Siddhanth, yang sudah berutang 178.000 rupee bank dari pinjaman sebelumnya, dilindungi oleh skema tersebut. Namun, pemerintah negara bagian belum menyediakan dana untuk membayarnya kembali, dan hampir sepertiga dari pinjaman tersebut masih belum dibayar.

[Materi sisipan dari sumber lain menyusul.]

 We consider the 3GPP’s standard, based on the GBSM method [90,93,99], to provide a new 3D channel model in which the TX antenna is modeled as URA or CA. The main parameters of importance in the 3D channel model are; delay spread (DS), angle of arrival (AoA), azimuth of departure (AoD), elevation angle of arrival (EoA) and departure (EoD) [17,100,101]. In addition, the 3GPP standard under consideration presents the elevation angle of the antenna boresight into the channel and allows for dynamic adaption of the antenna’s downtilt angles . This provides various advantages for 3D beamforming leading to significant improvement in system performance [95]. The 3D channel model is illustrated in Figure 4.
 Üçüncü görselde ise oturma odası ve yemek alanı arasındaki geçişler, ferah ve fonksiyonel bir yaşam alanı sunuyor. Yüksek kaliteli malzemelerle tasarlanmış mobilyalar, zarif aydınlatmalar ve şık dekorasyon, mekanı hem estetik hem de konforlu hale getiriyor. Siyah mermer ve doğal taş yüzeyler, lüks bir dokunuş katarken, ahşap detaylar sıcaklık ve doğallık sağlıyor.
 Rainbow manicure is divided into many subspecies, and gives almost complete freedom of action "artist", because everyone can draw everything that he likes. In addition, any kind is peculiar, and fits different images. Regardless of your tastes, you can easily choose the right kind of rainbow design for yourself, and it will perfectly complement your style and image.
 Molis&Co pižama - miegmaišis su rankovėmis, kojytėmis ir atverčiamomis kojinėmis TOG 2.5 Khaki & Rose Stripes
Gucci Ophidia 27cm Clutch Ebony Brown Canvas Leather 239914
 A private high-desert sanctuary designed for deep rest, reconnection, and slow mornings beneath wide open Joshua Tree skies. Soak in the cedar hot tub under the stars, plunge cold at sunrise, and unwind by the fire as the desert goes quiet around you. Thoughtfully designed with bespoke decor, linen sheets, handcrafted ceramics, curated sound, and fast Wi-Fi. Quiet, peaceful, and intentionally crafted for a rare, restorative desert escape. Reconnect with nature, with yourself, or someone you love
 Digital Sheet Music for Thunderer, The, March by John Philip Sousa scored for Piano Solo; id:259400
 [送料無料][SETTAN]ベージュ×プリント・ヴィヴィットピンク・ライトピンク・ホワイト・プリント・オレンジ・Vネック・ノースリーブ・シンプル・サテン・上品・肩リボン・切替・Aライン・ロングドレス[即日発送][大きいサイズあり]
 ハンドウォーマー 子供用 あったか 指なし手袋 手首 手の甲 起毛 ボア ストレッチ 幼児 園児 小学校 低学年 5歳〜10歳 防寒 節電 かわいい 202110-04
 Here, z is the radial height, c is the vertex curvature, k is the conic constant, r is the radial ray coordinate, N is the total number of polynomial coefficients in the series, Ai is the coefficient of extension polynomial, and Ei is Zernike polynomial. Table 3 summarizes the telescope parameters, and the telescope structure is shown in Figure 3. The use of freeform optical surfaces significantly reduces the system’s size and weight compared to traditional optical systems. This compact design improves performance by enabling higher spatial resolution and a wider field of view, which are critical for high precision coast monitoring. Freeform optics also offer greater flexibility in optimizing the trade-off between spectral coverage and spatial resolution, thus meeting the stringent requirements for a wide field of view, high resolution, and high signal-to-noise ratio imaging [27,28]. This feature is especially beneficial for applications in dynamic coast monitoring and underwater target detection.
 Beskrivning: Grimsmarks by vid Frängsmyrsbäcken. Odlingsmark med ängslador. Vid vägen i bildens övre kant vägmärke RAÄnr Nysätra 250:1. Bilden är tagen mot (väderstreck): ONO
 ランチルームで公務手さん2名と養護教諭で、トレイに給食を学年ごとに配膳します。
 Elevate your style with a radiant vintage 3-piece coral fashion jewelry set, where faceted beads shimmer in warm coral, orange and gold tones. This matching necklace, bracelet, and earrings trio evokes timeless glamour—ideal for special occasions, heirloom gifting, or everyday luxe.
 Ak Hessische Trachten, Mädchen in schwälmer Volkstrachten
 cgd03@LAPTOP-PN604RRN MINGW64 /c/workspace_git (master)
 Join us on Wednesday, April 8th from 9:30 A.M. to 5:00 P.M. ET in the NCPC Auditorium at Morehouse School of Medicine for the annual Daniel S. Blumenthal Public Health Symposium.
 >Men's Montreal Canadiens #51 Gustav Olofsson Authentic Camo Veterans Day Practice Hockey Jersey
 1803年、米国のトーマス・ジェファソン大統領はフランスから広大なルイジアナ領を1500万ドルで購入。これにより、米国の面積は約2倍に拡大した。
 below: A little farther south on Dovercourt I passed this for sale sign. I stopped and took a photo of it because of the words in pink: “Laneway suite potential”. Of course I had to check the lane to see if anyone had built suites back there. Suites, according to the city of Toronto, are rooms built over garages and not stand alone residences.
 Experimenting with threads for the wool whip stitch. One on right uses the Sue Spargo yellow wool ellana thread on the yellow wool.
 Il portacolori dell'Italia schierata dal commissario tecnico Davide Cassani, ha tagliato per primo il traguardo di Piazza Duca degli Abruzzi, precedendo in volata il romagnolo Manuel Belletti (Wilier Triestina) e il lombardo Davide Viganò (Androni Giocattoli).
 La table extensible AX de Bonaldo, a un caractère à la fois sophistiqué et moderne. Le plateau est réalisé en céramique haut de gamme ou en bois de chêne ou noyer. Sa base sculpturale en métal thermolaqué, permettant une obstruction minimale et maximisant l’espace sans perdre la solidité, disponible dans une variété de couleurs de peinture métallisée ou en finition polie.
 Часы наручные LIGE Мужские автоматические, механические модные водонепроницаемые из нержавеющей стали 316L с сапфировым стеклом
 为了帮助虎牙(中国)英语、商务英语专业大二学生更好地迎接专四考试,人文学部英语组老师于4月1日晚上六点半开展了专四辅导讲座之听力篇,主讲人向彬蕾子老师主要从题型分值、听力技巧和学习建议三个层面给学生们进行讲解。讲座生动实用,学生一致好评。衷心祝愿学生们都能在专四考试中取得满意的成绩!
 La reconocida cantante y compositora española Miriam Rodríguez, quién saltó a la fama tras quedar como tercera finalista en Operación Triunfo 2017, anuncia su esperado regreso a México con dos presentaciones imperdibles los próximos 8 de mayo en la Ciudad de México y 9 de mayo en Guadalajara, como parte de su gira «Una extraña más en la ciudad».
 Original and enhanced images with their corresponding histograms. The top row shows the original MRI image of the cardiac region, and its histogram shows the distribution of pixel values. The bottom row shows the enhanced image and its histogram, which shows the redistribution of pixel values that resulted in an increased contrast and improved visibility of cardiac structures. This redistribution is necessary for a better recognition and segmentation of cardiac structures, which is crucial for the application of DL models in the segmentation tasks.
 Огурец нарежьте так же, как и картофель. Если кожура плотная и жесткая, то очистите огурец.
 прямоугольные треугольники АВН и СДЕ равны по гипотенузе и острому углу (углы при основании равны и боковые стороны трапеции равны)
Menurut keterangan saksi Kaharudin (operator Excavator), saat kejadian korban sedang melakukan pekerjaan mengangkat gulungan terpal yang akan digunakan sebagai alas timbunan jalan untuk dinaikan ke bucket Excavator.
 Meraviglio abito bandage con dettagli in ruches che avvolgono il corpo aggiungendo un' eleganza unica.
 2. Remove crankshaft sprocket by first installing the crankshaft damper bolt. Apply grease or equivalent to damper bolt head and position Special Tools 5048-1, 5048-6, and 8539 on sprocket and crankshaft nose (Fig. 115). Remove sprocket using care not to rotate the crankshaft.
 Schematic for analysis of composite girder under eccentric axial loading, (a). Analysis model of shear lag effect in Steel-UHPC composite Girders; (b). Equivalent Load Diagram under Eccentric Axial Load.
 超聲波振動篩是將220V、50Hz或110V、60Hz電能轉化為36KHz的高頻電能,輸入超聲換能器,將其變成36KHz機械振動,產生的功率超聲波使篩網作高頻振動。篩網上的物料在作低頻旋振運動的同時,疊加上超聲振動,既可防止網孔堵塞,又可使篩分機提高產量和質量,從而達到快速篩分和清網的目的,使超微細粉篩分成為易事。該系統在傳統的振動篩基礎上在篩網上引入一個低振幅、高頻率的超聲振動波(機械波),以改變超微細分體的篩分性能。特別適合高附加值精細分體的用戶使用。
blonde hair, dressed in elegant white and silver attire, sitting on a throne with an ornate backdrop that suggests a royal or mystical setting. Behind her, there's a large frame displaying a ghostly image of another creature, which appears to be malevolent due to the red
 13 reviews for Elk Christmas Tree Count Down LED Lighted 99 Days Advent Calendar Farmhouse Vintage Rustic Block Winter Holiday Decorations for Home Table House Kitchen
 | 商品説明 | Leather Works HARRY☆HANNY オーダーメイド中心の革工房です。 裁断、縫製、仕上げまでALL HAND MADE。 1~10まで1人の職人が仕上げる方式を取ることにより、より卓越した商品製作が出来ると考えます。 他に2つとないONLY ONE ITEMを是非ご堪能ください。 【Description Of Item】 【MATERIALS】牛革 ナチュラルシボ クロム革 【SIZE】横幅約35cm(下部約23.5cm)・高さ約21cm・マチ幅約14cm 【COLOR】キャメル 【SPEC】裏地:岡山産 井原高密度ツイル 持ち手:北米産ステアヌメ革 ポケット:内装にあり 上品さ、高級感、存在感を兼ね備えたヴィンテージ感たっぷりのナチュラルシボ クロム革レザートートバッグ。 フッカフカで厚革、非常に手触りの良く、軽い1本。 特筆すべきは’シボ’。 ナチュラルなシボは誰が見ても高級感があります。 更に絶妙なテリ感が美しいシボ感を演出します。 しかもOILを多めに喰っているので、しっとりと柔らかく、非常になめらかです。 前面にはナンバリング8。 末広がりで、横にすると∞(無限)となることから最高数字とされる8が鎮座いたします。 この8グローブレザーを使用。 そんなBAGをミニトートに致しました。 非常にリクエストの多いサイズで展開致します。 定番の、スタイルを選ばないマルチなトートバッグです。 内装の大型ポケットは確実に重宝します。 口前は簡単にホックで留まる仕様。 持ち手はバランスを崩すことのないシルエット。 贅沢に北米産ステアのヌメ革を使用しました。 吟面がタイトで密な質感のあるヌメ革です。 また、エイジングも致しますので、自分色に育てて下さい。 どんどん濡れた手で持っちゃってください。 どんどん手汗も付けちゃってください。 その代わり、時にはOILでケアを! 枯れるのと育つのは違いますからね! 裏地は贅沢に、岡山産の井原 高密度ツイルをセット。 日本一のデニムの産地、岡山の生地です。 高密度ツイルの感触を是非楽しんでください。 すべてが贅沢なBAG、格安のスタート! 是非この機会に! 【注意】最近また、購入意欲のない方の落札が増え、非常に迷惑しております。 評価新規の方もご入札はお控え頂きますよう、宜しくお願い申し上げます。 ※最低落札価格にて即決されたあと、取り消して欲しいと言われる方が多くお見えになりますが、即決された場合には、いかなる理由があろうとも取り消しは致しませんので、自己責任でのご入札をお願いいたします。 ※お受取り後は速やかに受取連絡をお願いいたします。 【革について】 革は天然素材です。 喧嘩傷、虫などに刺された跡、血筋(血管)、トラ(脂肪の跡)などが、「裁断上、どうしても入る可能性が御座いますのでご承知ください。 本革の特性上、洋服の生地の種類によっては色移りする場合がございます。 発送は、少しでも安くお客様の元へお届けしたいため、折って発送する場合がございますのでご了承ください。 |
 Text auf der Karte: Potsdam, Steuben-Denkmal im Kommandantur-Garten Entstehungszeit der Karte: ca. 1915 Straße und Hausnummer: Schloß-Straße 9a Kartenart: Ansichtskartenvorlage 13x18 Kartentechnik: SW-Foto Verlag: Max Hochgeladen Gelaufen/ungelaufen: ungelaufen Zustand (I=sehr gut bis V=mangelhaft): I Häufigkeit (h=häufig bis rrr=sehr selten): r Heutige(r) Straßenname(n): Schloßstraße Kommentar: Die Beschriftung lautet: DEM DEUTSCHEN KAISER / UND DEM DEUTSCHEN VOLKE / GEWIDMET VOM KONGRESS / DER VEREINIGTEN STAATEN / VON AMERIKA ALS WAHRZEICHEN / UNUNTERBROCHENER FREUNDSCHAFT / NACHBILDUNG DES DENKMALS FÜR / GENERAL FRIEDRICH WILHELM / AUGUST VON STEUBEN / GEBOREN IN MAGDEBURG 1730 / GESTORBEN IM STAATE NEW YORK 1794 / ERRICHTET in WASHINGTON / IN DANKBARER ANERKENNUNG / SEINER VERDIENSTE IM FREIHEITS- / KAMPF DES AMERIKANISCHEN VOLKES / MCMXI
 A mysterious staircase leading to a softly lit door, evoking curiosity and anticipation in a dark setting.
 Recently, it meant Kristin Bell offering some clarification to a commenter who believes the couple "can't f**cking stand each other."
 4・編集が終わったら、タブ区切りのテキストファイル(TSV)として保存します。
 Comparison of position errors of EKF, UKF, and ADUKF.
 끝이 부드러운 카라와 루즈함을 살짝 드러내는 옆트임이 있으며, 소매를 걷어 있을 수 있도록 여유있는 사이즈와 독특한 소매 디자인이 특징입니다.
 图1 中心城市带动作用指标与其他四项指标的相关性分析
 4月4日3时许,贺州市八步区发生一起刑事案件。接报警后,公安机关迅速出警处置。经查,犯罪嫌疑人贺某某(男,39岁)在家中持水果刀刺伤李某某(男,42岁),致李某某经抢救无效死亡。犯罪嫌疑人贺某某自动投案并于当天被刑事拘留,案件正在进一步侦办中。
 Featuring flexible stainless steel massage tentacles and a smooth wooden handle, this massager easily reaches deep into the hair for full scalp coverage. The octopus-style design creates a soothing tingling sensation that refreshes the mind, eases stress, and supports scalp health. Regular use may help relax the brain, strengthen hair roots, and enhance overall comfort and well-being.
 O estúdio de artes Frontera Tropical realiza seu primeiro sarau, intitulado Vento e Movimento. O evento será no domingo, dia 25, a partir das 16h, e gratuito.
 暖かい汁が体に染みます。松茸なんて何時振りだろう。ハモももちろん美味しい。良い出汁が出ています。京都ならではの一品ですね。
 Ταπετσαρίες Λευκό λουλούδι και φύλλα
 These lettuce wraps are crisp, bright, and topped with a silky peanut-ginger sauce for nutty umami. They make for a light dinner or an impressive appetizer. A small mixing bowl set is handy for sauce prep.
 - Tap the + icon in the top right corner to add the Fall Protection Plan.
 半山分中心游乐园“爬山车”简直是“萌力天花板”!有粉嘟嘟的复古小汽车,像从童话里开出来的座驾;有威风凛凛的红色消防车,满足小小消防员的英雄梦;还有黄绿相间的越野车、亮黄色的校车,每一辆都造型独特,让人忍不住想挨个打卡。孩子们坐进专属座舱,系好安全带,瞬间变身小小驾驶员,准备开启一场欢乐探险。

Hingga Oktober 2019, 10 negara bagian yang telah mengumumkan keringanan pinjaman pertanian sejak 2014-15 belum menyelesaikan penghapusan pinjaman yang dijanjikan, menurut laporan media lokal. “Hanya sekitar 30-35% dari jumlah yang dijanjikan oleh berbagai pemerintah negara bagian yang telah dikenai sanksi ke bank,” kata seorang bankir senior yang tidak ingin disebutkan namanya.
Tingginya tingkat kredit macet di sektor pertanian merupakan penghalang lain untuk lebih banyak pinjaman. Pangsa kredit bermasalah di segmen ini telah meningkat dari 8,4% pada September 2018 menjadi 10,1% pada Maret 2020, pada saat pangsa kredit macet di sektor perbankan secara keseluruhan menurun.
“Ada keengganan untuk menyalurkan kredit di segmen agri karena kualitas aset yang buruk, akibatnya bank lebih tertarik untuk memberikan pinjaman jika ada emas sebagai jaminan, tetapi sebaliknya penyaluran kredit segar di segmen tersebut tidak terlalu baik,” kata Anil Gupta, analis di lembaga pemeringkat kredit ICRA.
Antara Maret dan Juni tahun ini, pinjaman ke sektor pertanian mengalami kontraksi 1,8%, menurut Reserve Bank of India. Selama Juni 2019-2020, penyaluran kredit ke sektor ini tumbuh 6,7% dibandingkan 11% pada periode yang sama tahun sebelumnya. ($ 1 = 74.2092 Rupee India) (Dilaporkan oleh Nupur Anand dan Rajendra Jadhav di Mumbai; Diedit oleh Alasdair Pal dan Kim Coghill)
“Sarjana makanan bersertifikat. Pencinta internet. Guru budaya pop. Gamer yang tidak menyesal. Penggemar musik fanatik.”